Пес, услышав свою кличку, привставал и радостно тявкал.
Однако вскоре Константин Федорович перестал отказываться от помощи и даже оформил Илью на полставки в лесничество. На имя Мазурова Николая Николаевича. И теперь Илья получал хоть и крошечную, но зарплату.
– На, – Константин Федорович протянул Илье паспорт, – я оформил тебя по этому документу, но лучше его не свети нигде. Ты не слишком-то на этого Николая похож.
Илья, хмурясь, сунул паспорт в карман:
– Другого пока нет.
– Я смотрю, восстановление тобой своего честного имени затягивается. Значит, ты неизвестно когда своими документами пользоваться будешь. Мне так кажется. Но я могу и ошибаться.
Илья неопределенно пожал плечами.
– Наверное. Но мне хотелось бы верить в обратное.
– Есть у меня один человек... – Константин Федорович помолчал, глядя в пространство, и через некоторое время продолжил: – В общем так. Давай делай снимок на паспорт, и я буду тебе новый выправлять.
– Как это? – вытаращил глаза Илья.
– Как, как? – передразнил его Константин Федорович. – Руками! Не думаешь же ты без документы и дальше жить.
* * *
Накануне шел снег с дождем. Ночью ударил сильный мороз, и все покрылось ледовой коркой, прочной и толстой. Константин Федорович рано утром отправился на работу – расчищать кормушки и раскладывать корм. Но сегодня Илью взять с собой категорически отказался.

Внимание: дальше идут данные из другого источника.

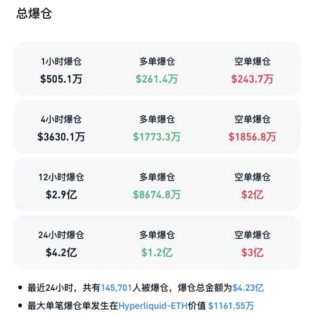 Coinglass数据显示,过去24小时加密货币市场共有近15万人被爆仓,爆仓总金额为4.23亿美元,其中多单爆仓1.2亿美元,空单爆仓3亿美元。其中,最大单笔爆仓发生在Hyperliquid-ETH,市场风险凸显。
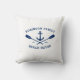 Convidando uma almofada de travesseiro decorativo na moda com uma âncora náutica projetada personalizada e remos cruzados com seu nome de família personalizado e texto da casa de praia em azul marinho em branco ou cores facilmente personalizadas para corresponder ao seu tema de decoração atual.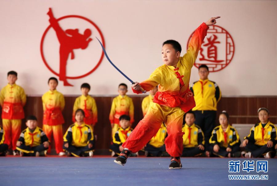 1月5日,山东省青岛市通济实验学校的学生在武术课上练习。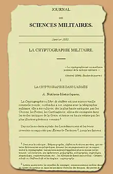 - La Cryptographie Militaire — Оригінал французькою мовою з перекладом на англійську мову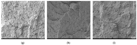 SEM micrographs for (a) unprocessed PP; PP reprocessed using a TSE; (b) first cycle at 500 rpm; (c) third cycle at 500 rpm; (d) first cycle at 1500 rpm and (e) third cycle at 1500 rpm; and PP reprocessed using a QSE; (f) first cycle at 500 rpm; (g) third cycle at 500 rpm; (h) first cycle at 1500 rpm; and (i) third cycle at 1500 rpm.
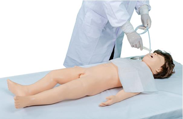 模拟5岁儿童,解剖结构正确,体表骨性标志清楚,关节活动灵活,设计了插管操作自动检测功能,可进行儿童洗胃术、胃肠减压术、胃液采取术的训练。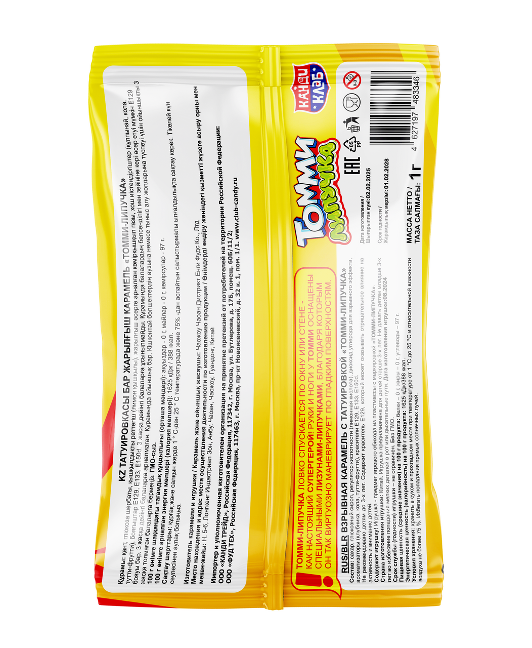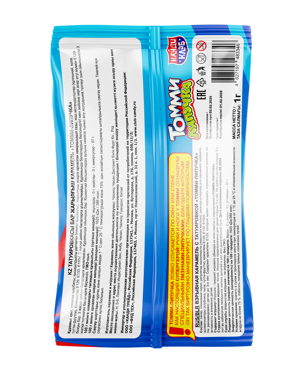 Карамель взрывная Канди клаб Томми липучка, 1г

– Я ненадолго. А ты пока сваргань что-нибудь незамысловатое, да побыстрее. Чтоб к моему приходу готово было. Погода мерзкая, так что приду голодный и злой.
Надо сказать, что в свои семьдесят два Константин Федорович имел память отменную и на здоровье не жаловался. Сухощавый, поджарый, жилистый, он выглядел намного моложе своих лет. К Илье он относился по-отечески нежно, и это невероятно того трогало.
Илья начистил картошки, поставил ее на печь вариться, потом спустился в погреб, где стояла бочка с квашенной капустой и засаливалась в баллонах сельдь, достал того и другого и поднялся наверх.
В лесу завывал ветер. Илья с тревогой вглядывался в окно, переживая за старика и жалея, что не пошел вместе с ним. Несколько раз ему чудились шаги, и он открывал засов, вглядываясь вдаль.
Уже и картофель стоял на краю плиты, обильно политый маслом, и капуста с тонко нарезанным репчатым луком была готова, и сельдь разделана и сбрызнута уксусом, а Константин Федорович все не появлялся. Илья поймал себя на мысли, что старик за это время стал ему настолько дорог, что случись сейчас с ним что, это станет огромным горем для него. Долгие вечерние разговоры у горячей печи стали традицией. Казалось, они уже успели поговорить обо всем на свете, но каждый раз находились все новые и новые темы. И Илья дивился тому, как одинаково они рассуждают о многих событиях и в одном направлении мыслят. Но некоторые вещи стали для Ильи откровением, и он по-новому смог увидеть их после разговора с Константином Федоровичем.
Айки, который дремал у входа, вдруг вскочил и, скуля, принялся скрести лапами дверь.
– Ты что, брат? Что за страдальческое выражение морды, а? Ну иди, раз приспичило.
Илья выпустил пса, потом прикрыл дверь и окинул стол взглядом. Все готово, осталось только дождаться Константина Федоровича. А Айки за окном радостным лаем звал его с собой играть.
Илья накинул на плечи куртку, обулся и вышел на воздух, пес тут же кинулся к нему, держа в зубах палку.
– Хочешь поиграть? Ну, давай. Апорт!
– Ты чего тут палками раскидался, а? Рукой шевелить не тяжело уже, что ли? – ворчливо осведомился Константин Федорович, появляясь в воротах.
– Так я левой!
– Левой... Эх, молодежь, не любите вы себя беречь, – старик досадливо махнул рукой и, не слушая Илью, который говорил, что себя к молодым тоже давно не причисляет, вошел в дом. Вышел обратно быстро, с пустым ведром, и направился к колодцу.
– Сейчас поедим и будем чай пить. Ты-то, я смотрю, про чайник забыл.
Илья кивнул, соглашаясь, затем бросил последний раз палку Айки и, повернувшись к Константину Федоровичу, спросил:
– Давно хотел узнать у вас, Айки – он какой породы?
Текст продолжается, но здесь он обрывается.